• Data
*** Begin section ***

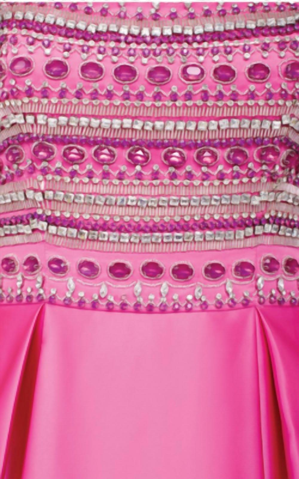 Бальное платье без бретелек с декором в ярко-розовом цвете JOVANI
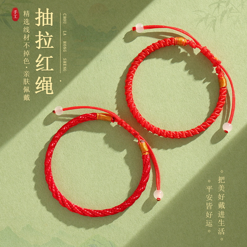 エスニックスタイル手織りシンプルな男性と女性のカップル赤いロープブレスレット干支年 Yingluo ロープブレスレットギフト卸売
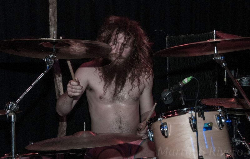 By the time I arrived, Richmond Virginia’s Inter Arma was already onstage and owning the audience’s collective ear. What immediately captured my notice was the unexpected clarity of the sound. While I expect murky, fungal tones from sludge metal acts, Urban Lounge’s new sound system offered a crisp group portrait of the band and a discrete profile of individual instruments. I could easily distinguish the analogue breakup of each amplifier, as well as the actual grain and words of the vocals. So eerie-clean, in fact, was the sound, that I wondered for a moment if some of it wasn’t pre-programmed whiz-bang. But the band’s sweat-soaked and hair-plastering performance soon convinced me that this was all really happening.
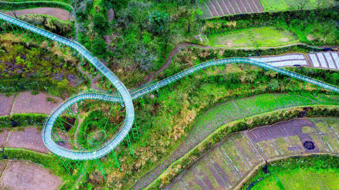 全长1888米、落差160米、时速30码!斑竹村的这条玻璃滑道由全透明的钢化玻璃打造而成,似一条碧蓝色的天河挂在于梯田之间。沿着环形滑道顺流而下,在空中急速穿梭,水花四溅,气势磅礴。在这里,现实版的速度与激情玩的就是心跳!

*** End section ***

• Brief
For this exercise, give the listing again exactly as written, with the pictures omitted.

• Answer to the problem
 Бальное платье без бретелек с декором в ярко-розовом цвете JOVANI
 エスニックスタイル手織りシンプルな男性と女性のカップル赤いロープブレスレット干支年 Yingluo ロープブレスレットギフト卸売
 By the time I arrived, Richmond Virginia’s Inter Arma was already onstage and owning the audience’s collective ear. What immediately captured my notice was the unexpected clarity of the sound. While I expect murky, fungal tones from sludge metal acts, Urban Lounge’s new sound system offered a crisp group portrait of the band and a discrete profile of individual instruments. I could easily distinguish the analogue breakup of each amplifier, as well as the actual grain and words of the vocals. So eerie-clean, in fact, was the sound, that I wondered for a moment if some of it wasn’t pre-programmed whiz-bang. But the band’s sweat-soaked and hair-plastering performance soon convinced me that this was all really happening.
 全长1888米、落差160米、时速30码!斑竹村的这条玻璃滑道由全透明的钢化玻璃打造而成,似一条碧蓝色的天河挂在于梯田之间。沿着环形滑道顺流而下,在空中急速穿梭,水花四溅,气势磅礴。在这里,现实版的速度与激情玩的就是心跳!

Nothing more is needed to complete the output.